• RECORDS SHOWN:
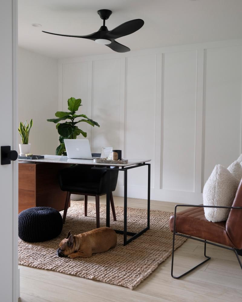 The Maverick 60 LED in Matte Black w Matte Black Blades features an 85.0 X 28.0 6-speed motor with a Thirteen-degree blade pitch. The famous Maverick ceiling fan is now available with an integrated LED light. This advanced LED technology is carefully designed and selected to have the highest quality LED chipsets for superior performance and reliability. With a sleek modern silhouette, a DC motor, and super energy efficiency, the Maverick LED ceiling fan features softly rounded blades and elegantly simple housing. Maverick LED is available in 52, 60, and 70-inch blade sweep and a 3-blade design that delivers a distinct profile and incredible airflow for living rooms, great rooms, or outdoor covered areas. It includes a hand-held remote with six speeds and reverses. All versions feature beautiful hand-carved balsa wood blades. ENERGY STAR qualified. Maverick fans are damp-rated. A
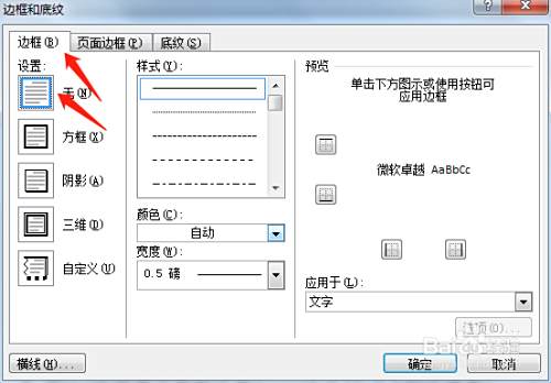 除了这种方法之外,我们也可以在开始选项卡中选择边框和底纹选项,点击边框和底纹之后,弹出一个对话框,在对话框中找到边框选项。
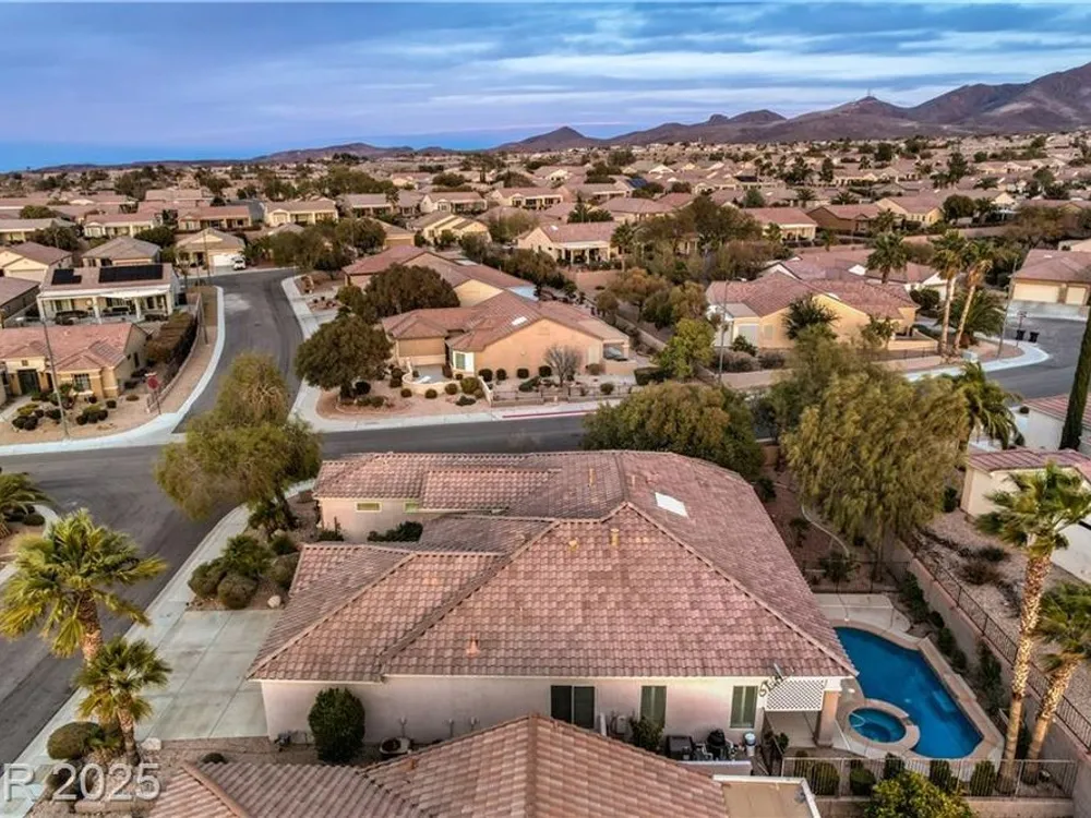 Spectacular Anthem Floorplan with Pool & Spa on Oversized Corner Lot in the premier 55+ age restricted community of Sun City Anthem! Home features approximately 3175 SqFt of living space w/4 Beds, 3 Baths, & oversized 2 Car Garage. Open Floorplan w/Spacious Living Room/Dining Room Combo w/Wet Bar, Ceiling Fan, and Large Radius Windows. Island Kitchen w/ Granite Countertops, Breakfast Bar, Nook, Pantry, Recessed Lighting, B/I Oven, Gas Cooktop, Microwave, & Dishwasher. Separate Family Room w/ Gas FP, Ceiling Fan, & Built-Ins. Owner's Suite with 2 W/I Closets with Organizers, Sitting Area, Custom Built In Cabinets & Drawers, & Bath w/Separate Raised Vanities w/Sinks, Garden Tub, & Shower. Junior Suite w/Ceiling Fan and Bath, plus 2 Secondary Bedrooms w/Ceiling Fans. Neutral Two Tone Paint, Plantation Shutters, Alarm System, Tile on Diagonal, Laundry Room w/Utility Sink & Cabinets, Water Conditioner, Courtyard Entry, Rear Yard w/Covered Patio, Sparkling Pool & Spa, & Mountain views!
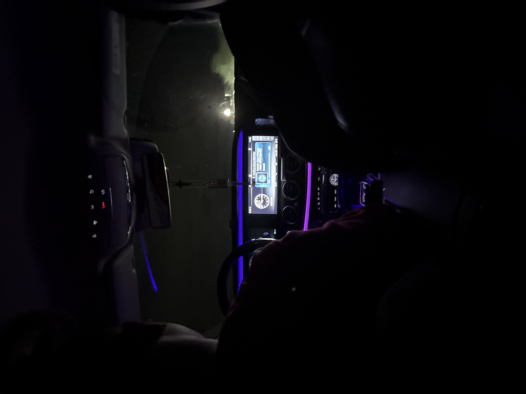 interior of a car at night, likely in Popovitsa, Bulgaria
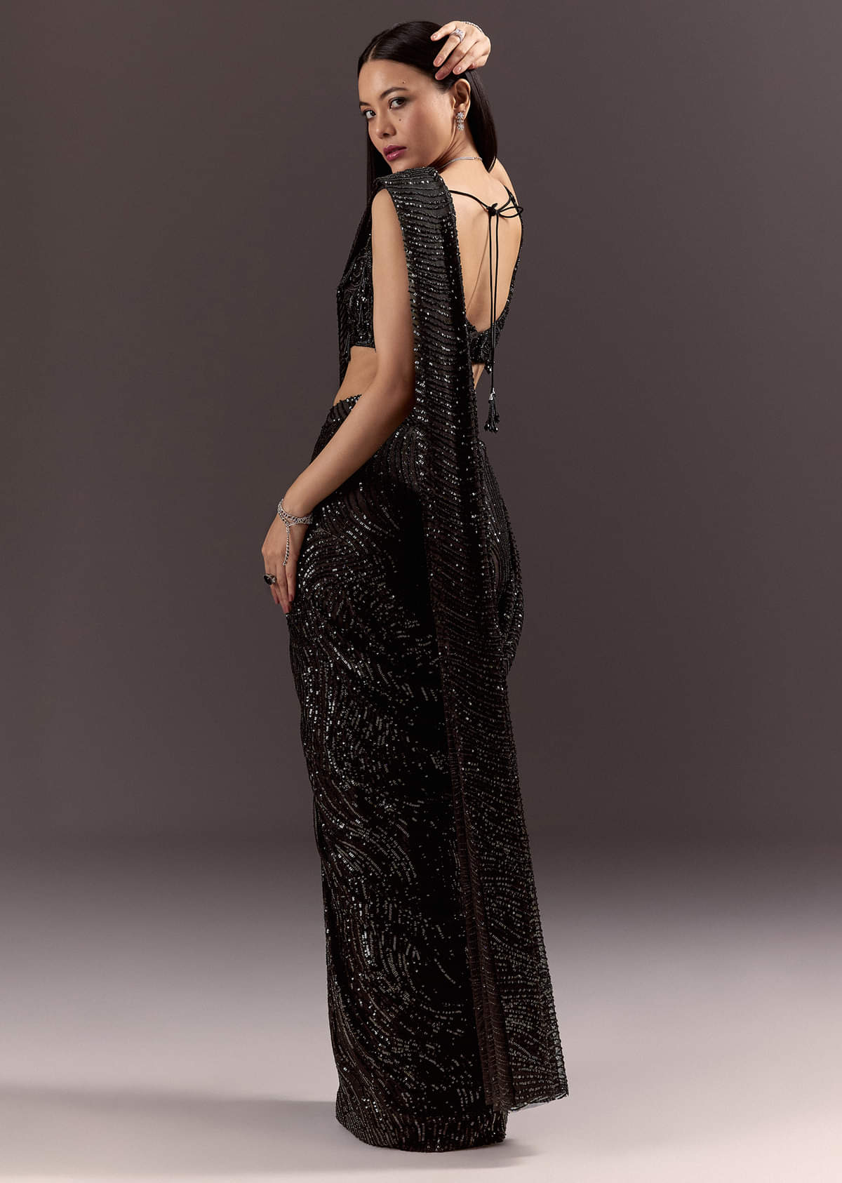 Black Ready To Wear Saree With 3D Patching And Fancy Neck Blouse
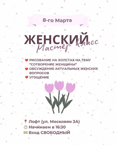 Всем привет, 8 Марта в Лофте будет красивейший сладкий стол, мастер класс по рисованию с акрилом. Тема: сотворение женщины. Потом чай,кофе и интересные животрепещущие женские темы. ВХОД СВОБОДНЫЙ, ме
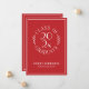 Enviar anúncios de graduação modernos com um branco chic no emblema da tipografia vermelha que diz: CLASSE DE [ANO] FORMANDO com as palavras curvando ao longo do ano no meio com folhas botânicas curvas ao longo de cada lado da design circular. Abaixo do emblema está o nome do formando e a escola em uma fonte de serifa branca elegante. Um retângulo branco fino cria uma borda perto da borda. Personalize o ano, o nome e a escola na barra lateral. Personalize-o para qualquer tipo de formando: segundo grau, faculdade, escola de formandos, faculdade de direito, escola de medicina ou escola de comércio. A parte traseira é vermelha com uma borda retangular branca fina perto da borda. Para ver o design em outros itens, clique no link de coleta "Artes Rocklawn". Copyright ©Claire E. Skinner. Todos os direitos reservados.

* * *

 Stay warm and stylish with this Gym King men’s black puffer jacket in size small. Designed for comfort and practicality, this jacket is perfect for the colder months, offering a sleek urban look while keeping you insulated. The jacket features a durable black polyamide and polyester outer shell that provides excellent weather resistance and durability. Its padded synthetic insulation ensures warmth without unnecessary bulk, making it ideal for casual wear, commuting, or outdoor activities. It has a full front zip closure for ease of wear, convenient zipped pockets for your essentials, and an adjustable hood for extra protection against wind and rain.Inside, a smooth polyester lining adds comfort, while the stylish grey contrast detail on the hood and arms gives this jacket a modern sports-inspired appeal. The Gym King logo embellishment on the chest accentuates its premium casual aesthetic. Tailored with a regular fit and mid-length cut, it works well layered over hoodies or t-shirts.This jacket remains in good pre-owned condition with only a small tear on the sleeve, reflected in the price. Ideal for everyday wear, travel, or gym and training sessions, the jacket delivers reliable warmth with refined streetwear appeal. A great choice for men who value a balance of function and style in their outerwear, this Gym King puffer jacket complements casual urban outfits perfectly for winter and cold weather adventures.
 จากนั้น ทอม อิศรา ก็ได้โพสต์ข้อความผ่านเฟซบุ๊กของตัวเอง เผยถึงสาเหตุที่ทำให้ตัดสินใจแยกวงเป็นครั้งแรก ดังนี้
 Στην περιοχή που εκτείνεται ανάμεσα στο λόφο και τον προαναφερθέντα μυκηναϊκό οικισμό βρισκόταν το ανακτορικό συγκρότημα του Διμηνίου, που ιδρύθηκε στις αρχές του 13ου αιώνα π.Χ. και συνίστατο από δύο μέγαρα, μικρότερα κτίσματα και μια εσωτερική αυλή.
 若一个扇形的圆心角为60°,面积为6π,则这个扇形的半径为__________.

• TASK DIRECTIONS: What's needed is an exact copy of the records above from the line containing "除了这种方法之外,我们也可以" down to the line containing "Всем привет, 8", both included, without any pictures.

• TASK SOLUTION:
 除了这种方法之外,我们也可以在开始选项卡中选择边框和底纹选项,点击边框和底纹之后,弹出一个对话框,在对话框中找到边框选项。
 Spectacular Anthem Floorplan with Pool & Spa on Oversized Corner Lot in the premier 55+ age restricted community of Sun City Anthem! Home features approximately 3175 SqFt of living space w/4 Beds, 3 Baths, & oversized 2 Car Garage. Open Floorplan w/Spacious Living Room/Dining Room Combo w/Wet Bar, Ceiling Fan, and Large Radius Windows. Island Kitchen w/ Granite Countertops, Breakfast Bar, Nook, Pantry, Recessed Lighting, B/I Oven, Gas Cooktop, Microwave, & Dishwasher. Separate Family Room w/ Gas FP, Ceiling Fan, & Built-Ins. Owner's Suite with 2 W/I Closets with Organizers, Sitting Area, Custom Built In Cabinets & Drawers, & Bath w/Separate Raised Vanities w/Sinks, Garden Tub, & Shower. Junior Suite w/Ceiling Fan and Bath, plus 2 Secondary Bedrooms w/Ceiling Fans. Neutral Two Tone Paint, Plantation Shutters, Alarm System, Tile on Diagonal, Laundry Room w/Utility Sink & Cabinets, Water Conditioner, Courtyard Entry, Rear Yard w/Covered Patio, Sparkling Pool & Spa, & Mountain views!
 interior of a car at night, likely in Popovitsa, Bulgaria
 Black Ready To Wear Saree With 3D Patching And Fancy Neck Blouse
 Всем привет, 8 Марта в Лофте будет красивейший сладкий стол, мастер класс по рисованию с акрилом. Тема: сотворение женщины. Потом чай,кофе и интересные животрепещущие женские темы. ВХОД СВОБОДНЫЙ, ме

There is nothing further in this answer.